The setting—one of Holyrood’s ground floor committee rooms—became, for two hours, a space of shared inquiry and creative resonance. The evening opened with a powerful performance by Katharine Macfarlane. Her poem “Welcome, to The Library” was a beautifully observed, gently humorous and deeply moving reflection on the life of libraries, a fitting prelude to the theme of culture as the connective tissue of society.
Richard Bellingham followed with a sweeping and hopeful account of the future of cities. Drawing from Cumbernauld to Singapore and back to Edinburgh, he explored the potentials and pitfalls of urban life: cities as joyfully messy, layered systems where culture, infrastructure, and human aspiration intersect. His reflections reminded us that the way we design and sustain urban spaces directly affects our ability to live together, to feel safe, and to belong.

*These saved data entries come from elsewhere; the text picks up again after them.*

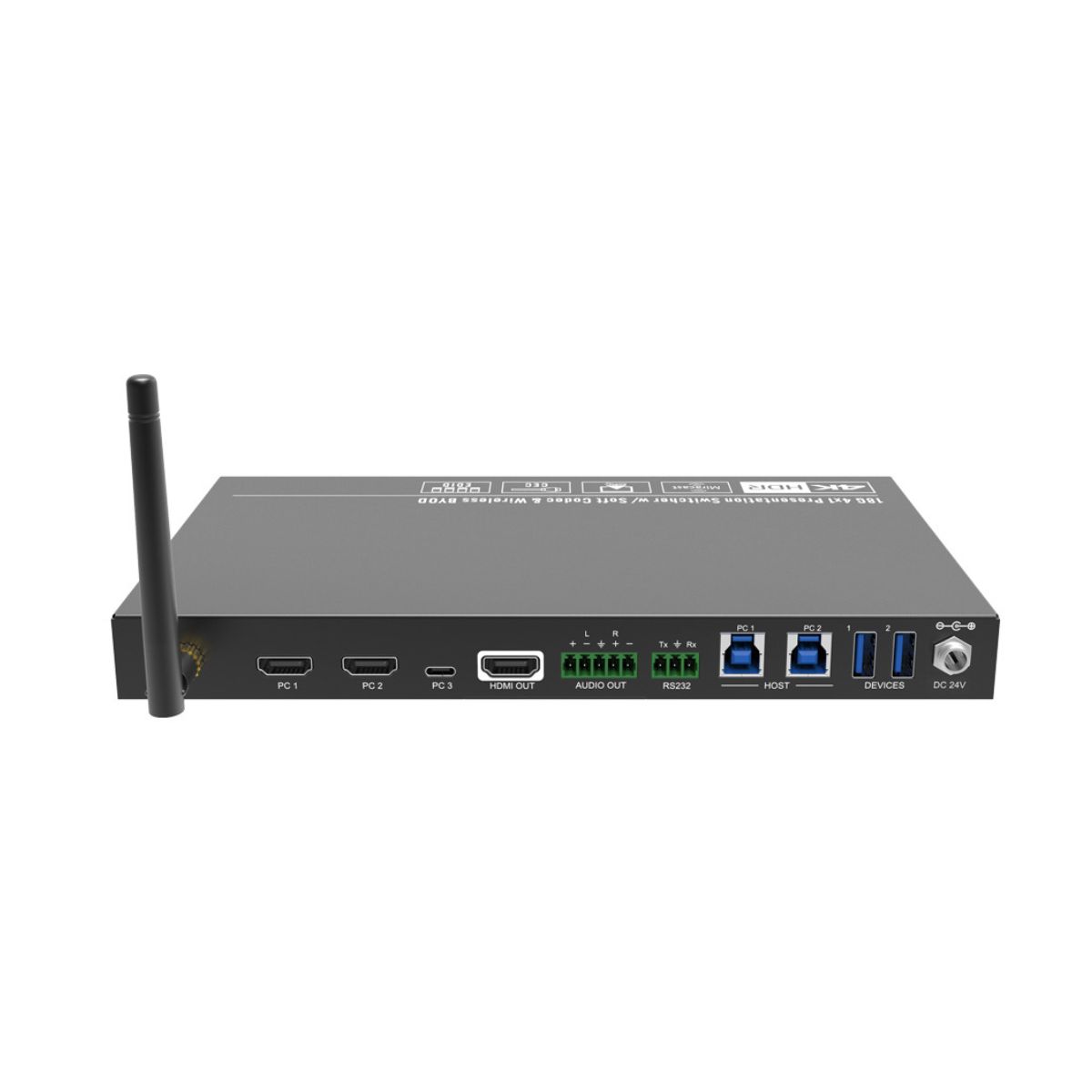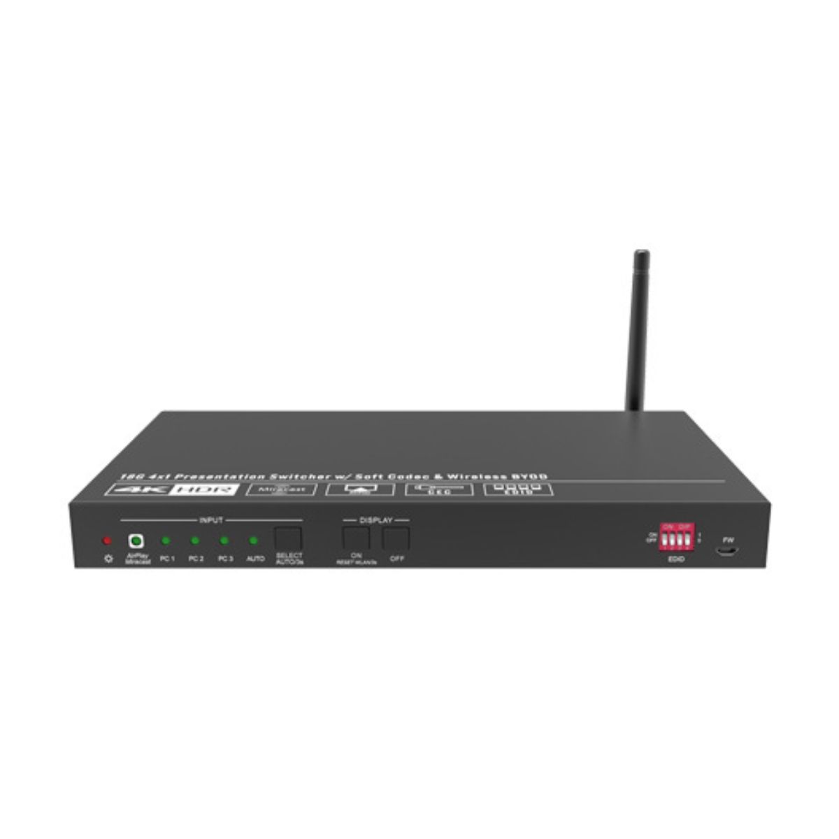 18G 4x1 presentation switcher with soft codec & wireless BYOD.
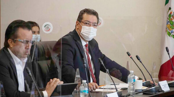 El gobernador Alejandro Armenta, acompañado por el presidente de la Junta de Coordinación Política de la Cámara de Diputados,…
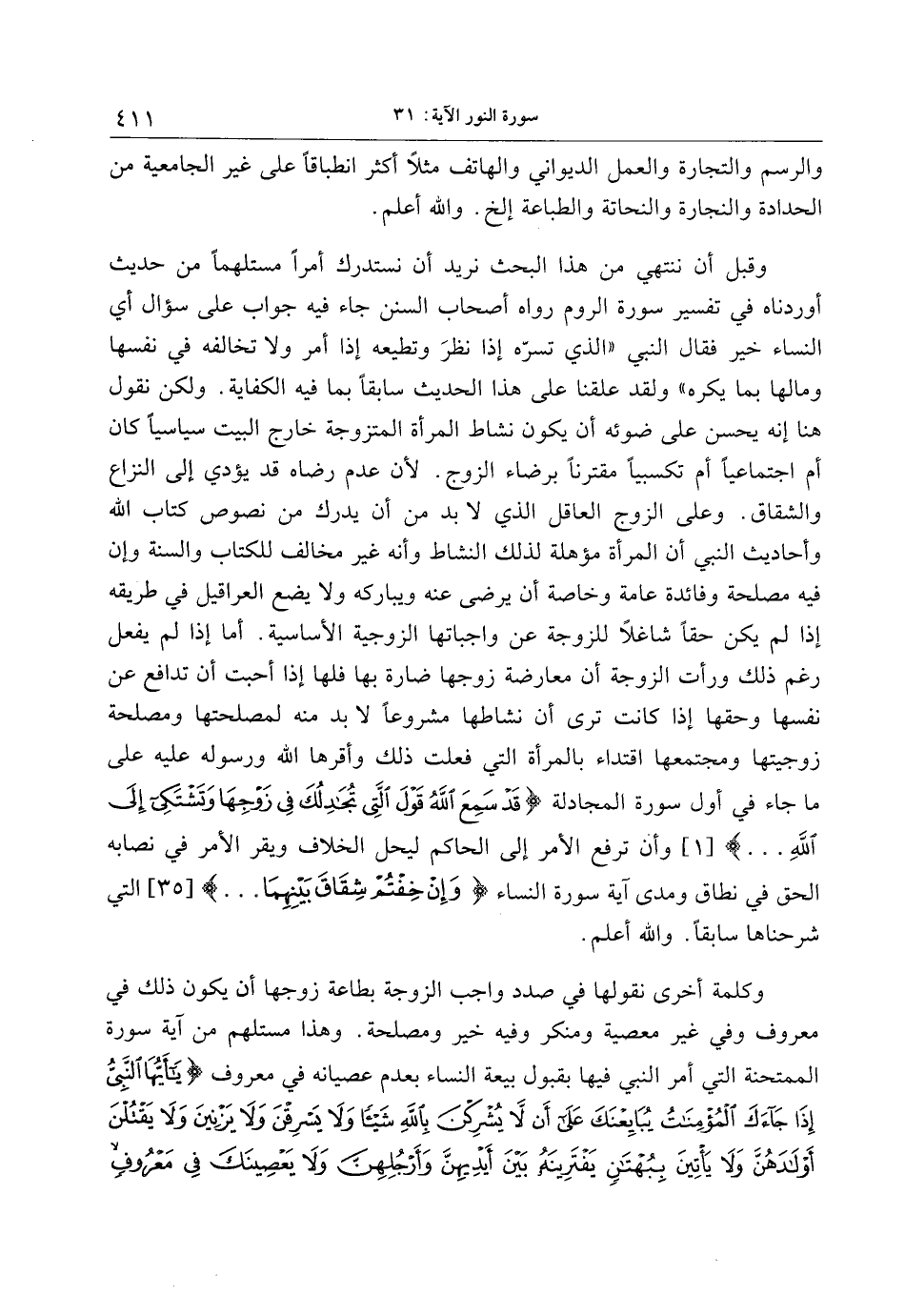 وقبل أن ننتهي من هذا البحث نريد أن نستدرك أمرا مستلهما من حديث أوردناه في تفسير سورة الروم رواه أصحاب السنن جاء فيه جواب على سؤال أي النساء خير فقال النبي «الذي تسرّه إذا نظر وتطيعه إذا أمر ولا تخالفه في نفسها ومالها بما يكره» ولقد علقنا على هذا الحديث سابقا بما فيه الكفاية. ولكن نقول هنا إنه يحسن على ضوئه أن يكون نشاط المرأة المتزوجة خارج البيت سياسيا كان أم اجتماعيا أم تكسبيا مقترنا برضاء الزوج. لأن عدم رضاه قد يؤدي إلى النزاع والشقاق. وعلى الزوج العاقل الذي لا بد من أن يدرك من نصوص كتاب الله وأحاديث النبي أن المرأة مؤهلة لذلك النشاط وأنه غير مخالف للكتاب والسنة وإن فيه مصلحة وفائدة عامة وخاصة أن يرضى عنه ويباركه ولا يضع العراقيل في طريقه إذا لم يكن حقا شاغلا للزوجة عن واجباتها الزوجية الأساسية. أما إذا لم يفعل رغم ذلك ورأت الزوجة أن معارضة زوجها ضارة بها فلها إذا أحبت أن تدافع عن نفسها وحقها إذا كانت ترى أن نشاطها مشروعا لا بد منه لمصلحتها ومصلحة زوجيتها ومجتمعها اقتداء بالمرأة التي فعلت ذلك وأقرها الله ورسوله عليه على ما جاء في أول سورة المجادلة قَدْ سَمِعَ اللَّهُ قَوْلَ الَّتِي تُجادِلُكَ فِي زَوْجِها وَتَشْتَكِي إِلَى اللَّهِ ... [1] وأن ترفع الأمر إلى الحاكم ليحل الخلاف ويقر الأمر في نصابه الحق في نطاق ومدى آية سورة النساء وَإِنْ خِفْتُمْ شِقاقَ بَيْنِهِما ... [35] التي شرحناها سابقا. والله أعلم.

Éadaoín Lynch then shared findings from the Scottish Book Trust’s recent report on public libraries, underscoring their quiet but essential role as safe places, providers of digital and educational access, and anchors of community trust. Her reminder that 97 libraries have closed in Scotland over 25 years was sobering. It called into question our collective priorities in safeguarding the spaces that support the most vulnerable, including the elderly, migrants, youth, and people navigating structural hardship.
Giulia Gregnanin’s presentation on the work of Timespan Museum in Helmsdale offered a rural counterpoint, exploring how museums can interrogate power, identity, and memory. Her community-rooted approach demonstrated how heritage institutions can challenge normative narratives and make space for voices historically excluded from the mainstream cultural record.
What followed was a rich discussion on success, failure, youth participation, and how others interpret the idea of “social glue.” It was a phrase that began to stretch under the weight of so many meanings, and rightly so.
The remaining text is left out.